● **WORK INSTRUCTIONS**: Exact copy, pictures excluded: print the lines from the one with "uxcell 足カバー エンドキャップ" through the final line of the records.

● **RECORDS FOR PROCESSING**:

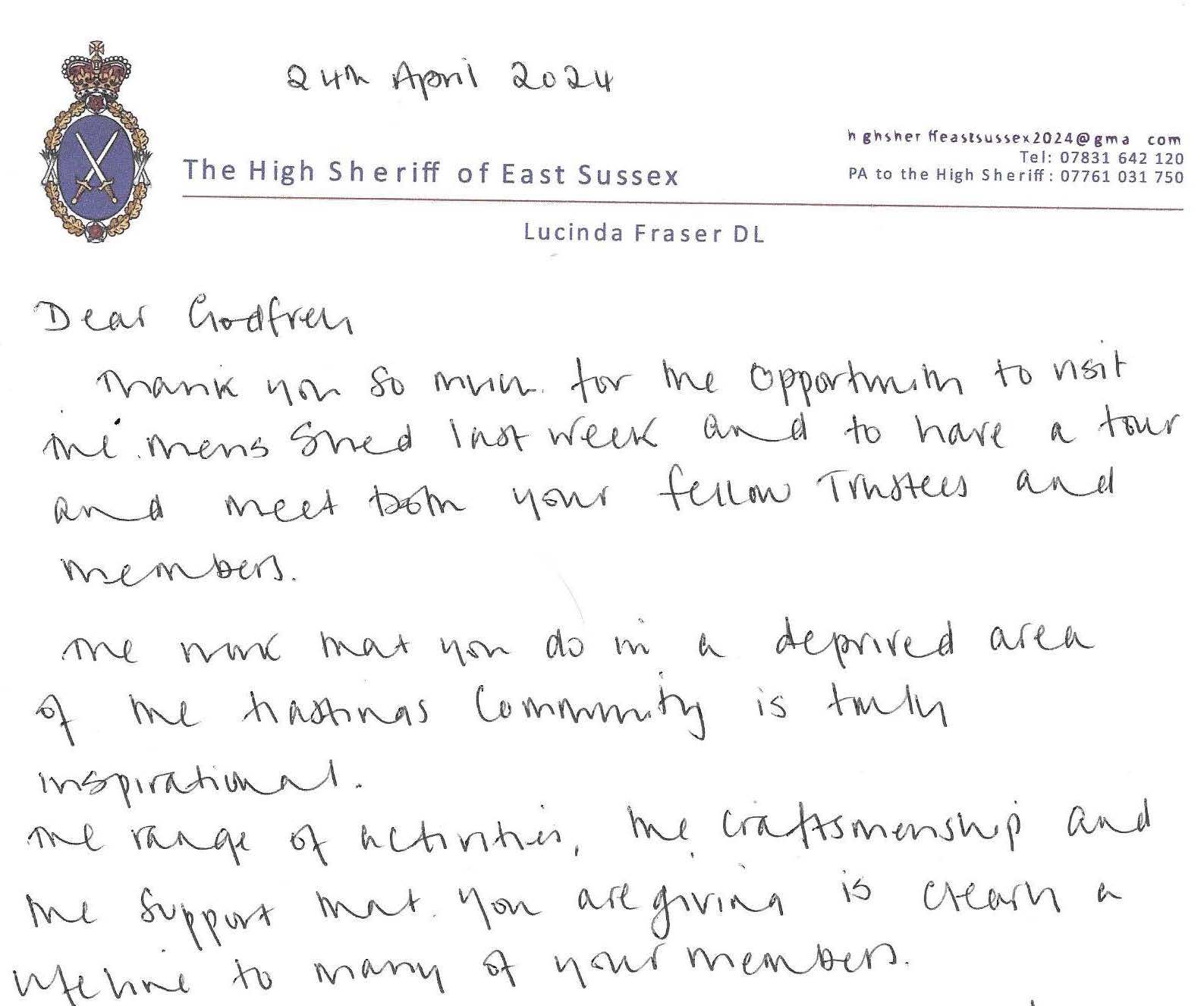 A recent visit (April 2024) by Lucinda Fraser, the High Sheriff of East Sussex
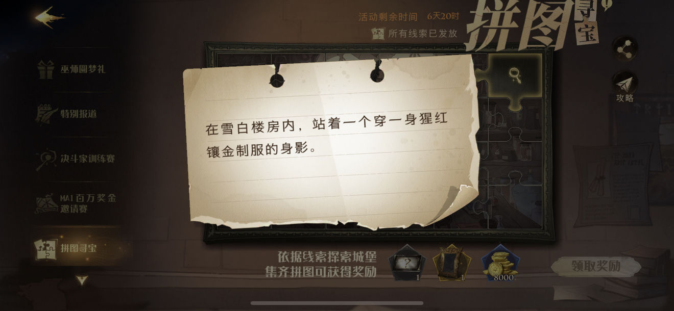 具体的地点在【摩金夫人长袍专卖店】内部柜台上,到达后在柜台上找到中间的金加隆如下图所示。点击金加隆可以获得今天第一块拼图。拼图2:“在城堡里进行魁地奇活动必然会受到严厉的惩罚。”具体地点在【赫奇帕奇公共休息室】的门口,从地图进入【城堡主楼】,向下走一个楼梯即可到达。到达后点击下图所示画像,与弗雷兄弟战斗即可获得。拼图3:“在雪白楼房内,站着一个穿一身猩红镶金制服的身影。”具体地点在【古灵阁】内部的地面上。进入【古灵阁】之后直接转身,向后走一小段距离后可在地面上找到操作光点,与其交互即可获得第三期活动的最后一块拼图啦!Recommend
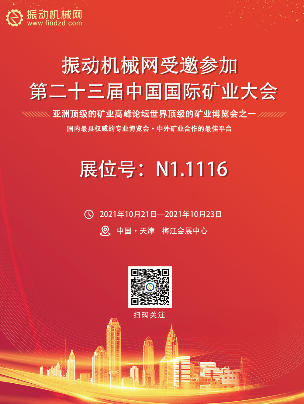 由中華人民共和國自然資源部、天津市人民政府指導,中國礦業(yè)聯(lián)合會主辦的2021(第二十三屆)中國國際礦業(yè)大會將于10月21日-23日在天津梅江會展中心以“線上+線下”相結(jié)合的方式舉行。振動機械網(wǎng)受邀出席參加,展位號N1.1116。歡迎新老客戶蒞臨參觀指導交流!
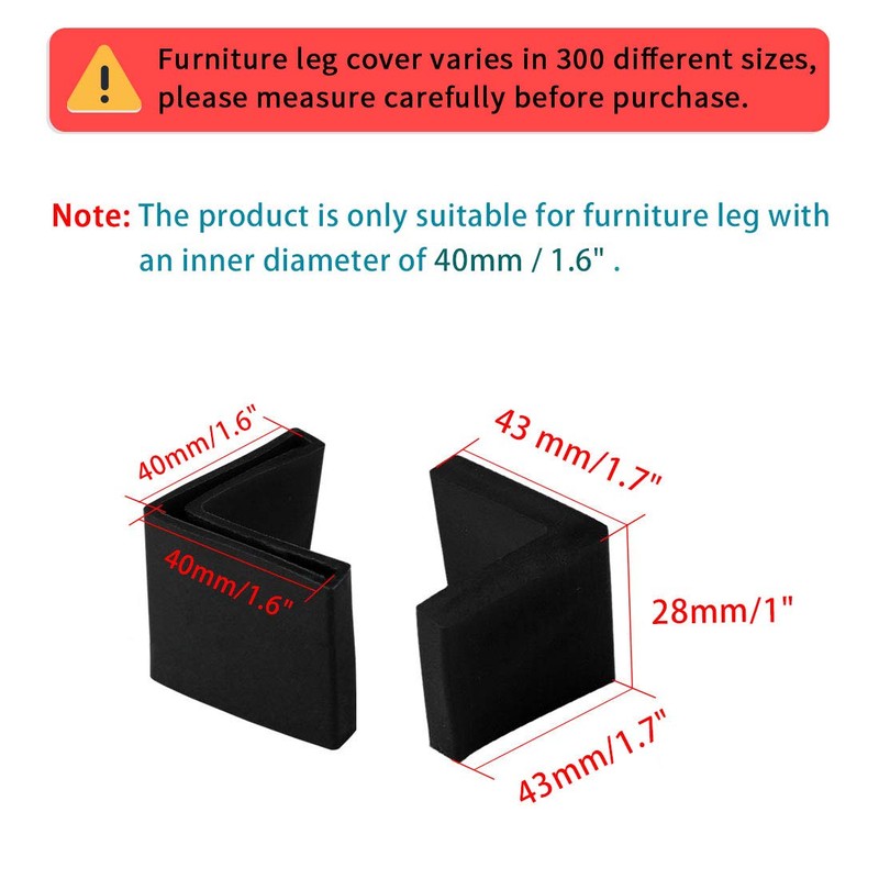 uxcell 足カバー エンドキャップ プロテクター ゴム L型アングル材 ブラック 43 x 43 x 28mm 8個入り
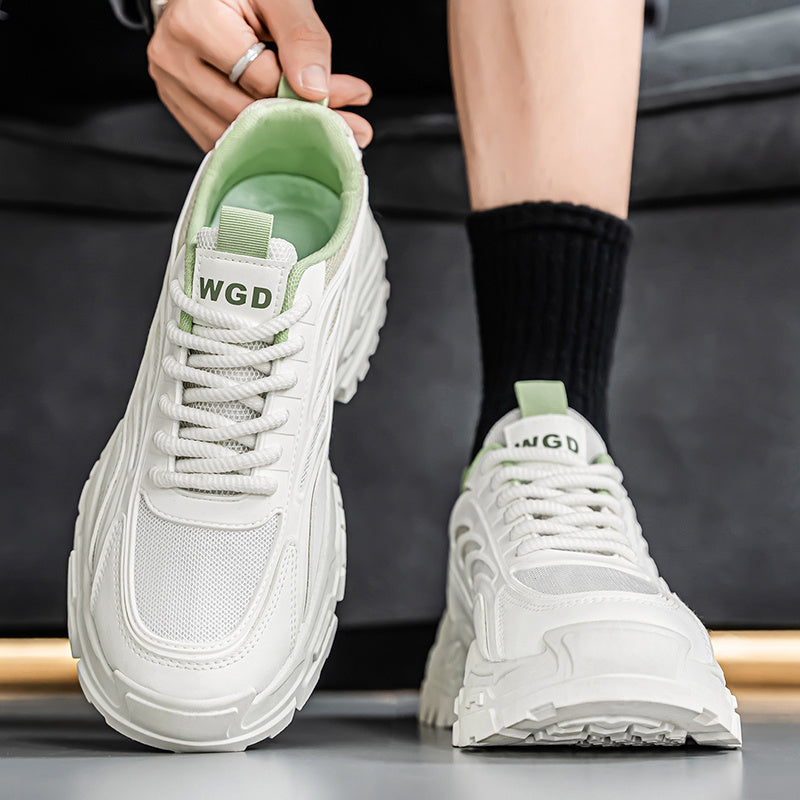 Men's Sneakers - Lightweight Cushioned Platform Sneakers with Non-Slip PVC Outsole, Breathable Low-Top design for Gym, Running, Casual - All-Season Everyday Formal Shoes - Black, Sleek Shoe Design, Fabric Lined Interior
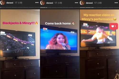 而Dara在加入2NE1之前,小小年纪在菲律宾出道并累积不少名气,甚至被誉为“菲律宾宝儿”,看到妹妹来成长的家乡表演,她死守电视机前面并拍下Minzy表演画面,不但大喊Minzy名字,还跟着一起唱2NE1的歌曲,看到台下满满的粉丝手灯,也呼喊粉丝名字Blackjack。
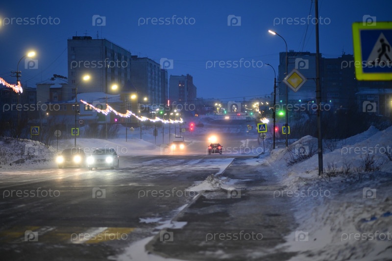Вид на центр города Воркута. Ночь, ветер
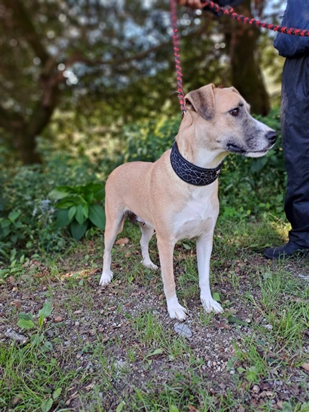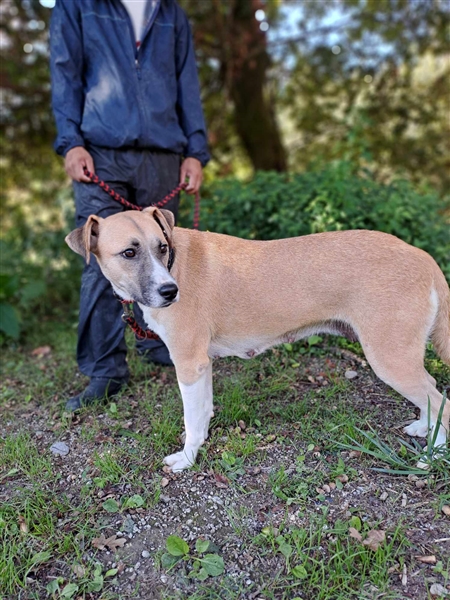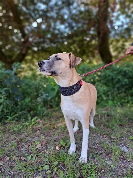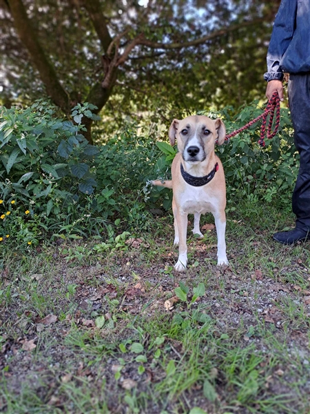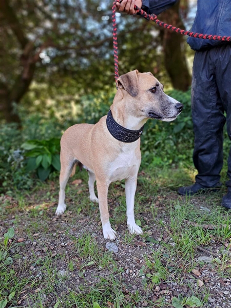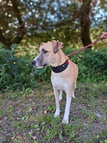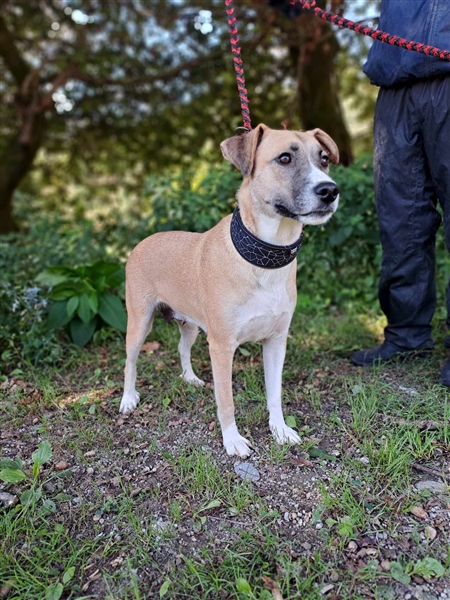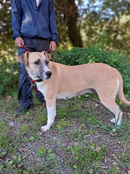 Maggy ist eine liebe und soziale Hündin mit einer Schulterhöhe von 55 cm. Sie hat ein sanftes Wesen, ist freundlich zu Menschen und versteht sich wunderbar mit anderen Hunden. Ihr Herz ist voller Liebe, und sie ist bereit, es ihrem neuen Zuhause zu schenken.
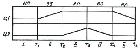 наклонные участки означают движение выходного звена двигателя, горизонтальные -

● **SOLUTION TO THE PROBLEM**:
 uxcell 足カバー エンドキャップ プロテクター ゴム L型アングル材 ブラック 43 x 43 x 28mm 8個入り
 Men's Sneakers - Lightweight Cushioned Platform Sneakers with Non-Slip PVC Outsole, Breathable Low-Top design for Gym, Running, Casual - All-Season Everyday Formal Shoes - Black, Sleek Shoe Design, Fabric Lined Interior
 而Dara在加入2NE1之前,小小年纪在菲律宾出道并累积不少名气,甚至被誉为“菲律宾宝儿”,看到妹妹来成长的家乡表演,她死守电视机前面并拍下Minzy表演画面,不但大喊Minzy名字,还跟着一起唱2NE1的歌曲,看到台下满满的粉丝手灯,也呼喊粉丝名字Blackjack。
Вид на центр города Воркута. Ночь, ветер
 Maggy ist eine liebe und soziale Hündin mit einer Schulterhöhe von 55 cm. Sie hat ein sanftes Wesen, ist freundlich zu Menschen und versteht sich wunderbar mit anderen Hunden. Ihr Herz ist voller Liebe, und sie ist bereit, es ihrem neuen Zuhause zu schenken.
 наклонные участки означают движение выходного звена двигателя, горизонтальные -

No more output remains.